Robert Frojen
- Frojen circa 1956, in USA Olympic team jersey from Olympic team photo

Personal information
- Full name: Robert "Bob" Charles Frojen
- Born: December 1, 1930 Hamburg, Germany
- Died: December 11, 2005 (aged 75) Los Angeles, United States
- Height: 181 cm (5 ft 11 in)
- Weight: 82 kg (181 lb)
- Spouse: Coleen

Sport
- Sport: Water polo
- College team: Fullerton Jr.
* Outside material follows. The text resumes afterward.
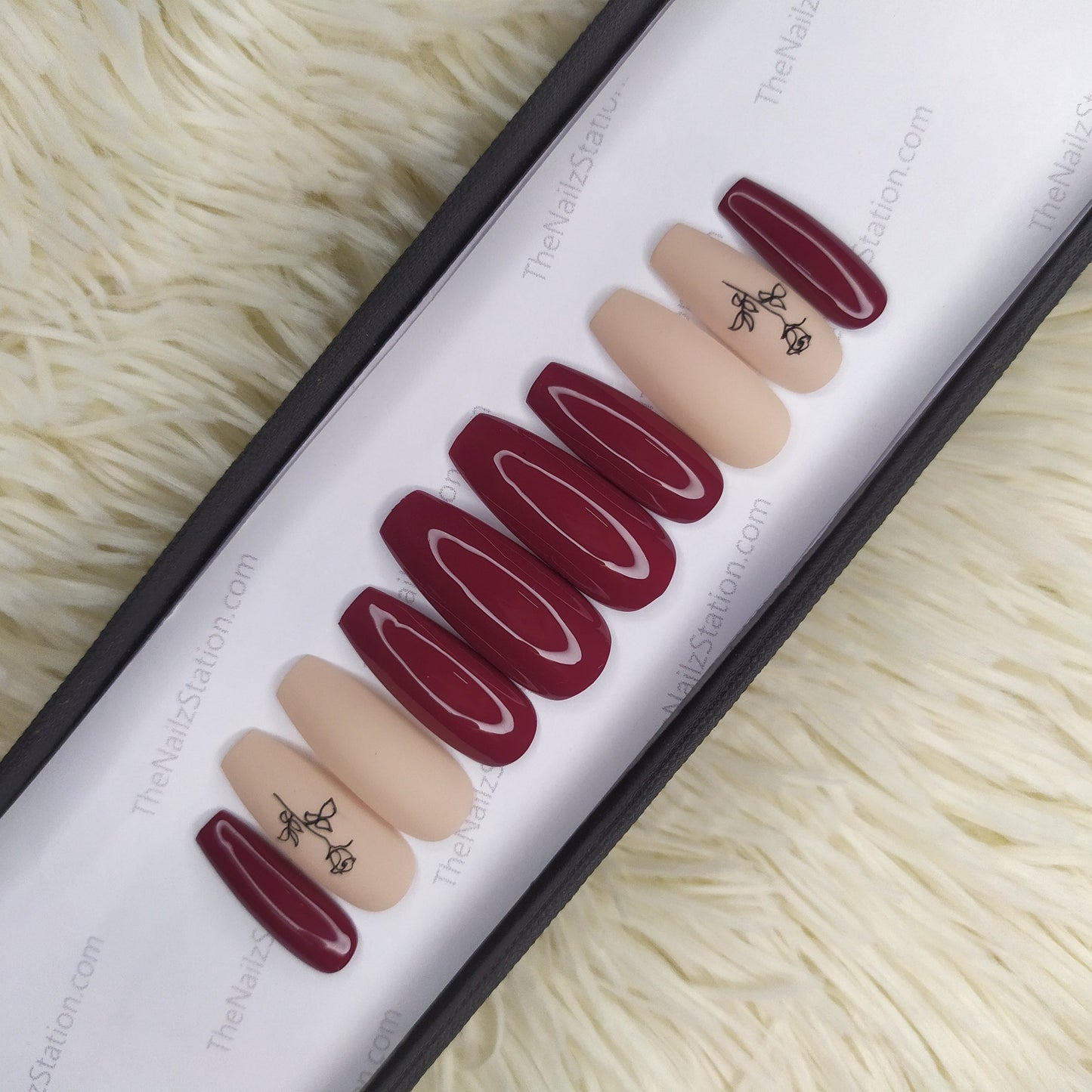 Dark Pink and Nude flower Press on Nails Sets // 339

College Stanford University
- Club: Southern California WP Club
- Coached by: James R. Smith (Fullerton) Ed Rutloff (Stanford WP) Neal Kohlhase ('56 Olympics)

Medal record
Representing United States
Pan American Games
| Silver medal – second place | 1955 Mexico City | Men's tournament |

= Robert Frojen =

American water polo player (1930–2005)

Robert "Bob" Charles Frojen (December 1, 1930 - December 11, 2005) was an American water polo player of German descent who competed for Stanford University and participated in the 1956 Summer Olympics in Melbourne, Australia.

==Early life==
Frojen was born December 1, 1930 in Hamburg, Germany to parents of American descent. He attended Fullerton High School where he was mentored and trained in swimming and water polo by Hall of Fame Coach James R. Smith from around 1946-1948.

===College===
He attended Fullerton Jr. College, where he was again coached by James R. Smith, a water polo hall of fame inductee. Completing his education, Frojen played water polo for Stanford University from around 1949-52, where he was coached primarily in water polo by Ed Rudloff and graduated in 1952. One of Frojen's Stanford team mates was James Gaughran, who would later coach swimming and water polo at Stanford, and serve as an Olympic coach. During his tenure at Stanford, Frojen made All-American as a swimmer from 1949-1952, captained the team, and was an All Pacific-8 conference selection in 1952, 1951, and 1950. A strong regional presence during Frojen's tenure, the Stanford water polo team were Pacific Coast Conference Collegiate Champions in 1952, 1951, and 1950.

In addition to playing with college teams, Frojen competed for the Southern California Water Polo Club, and won outdoor water polo championships in 1950 and 1949, and indoor championships in 1957. He also played for California's Whittier Water Polo Club that won a national championship in 1949. In international competition, he received a silver medal as part of the U.S. Water Polo team at the 1955 Pan American Games in Ciudad de Mexico.

===1956 Melbourne Olympics===
Frojen was a member of the American water polo team which finished fifth in the 1956 Olympic water polo tournament in Melbourne, Australia under Head Olympic Coach Neal Kohlhase and Assistant Coach Urho Saari, both Water Polo Hall of Fame members. Frojen played all six matches. Hungary took the gold, Yugoslavia took the silver, and the Russian team captured the bronze. A well-publicized feature of the tournament was a very rough match between pre-Olympic favorite Hungary and Russia that had to be stopped by the referees. On December 6, the Hungarian team won their match against Hungary by a score of 4-0, and went undefeated in the tournament, but considerable animosity existed between the Russian and Hungarian teams as a result of the recent Russian occupation of Hungary in November, 1956, subsequent to a student revolt in the same month.

Frojen later had a career in banking, and served in public relations for the firm Bozell and Jacobs.

He died December 11, 2005 in Los Angeles, California. He was married to wife Coleen.

===Honors===
In 1981, he was inducted into the USA Water Polo Hall of Fame.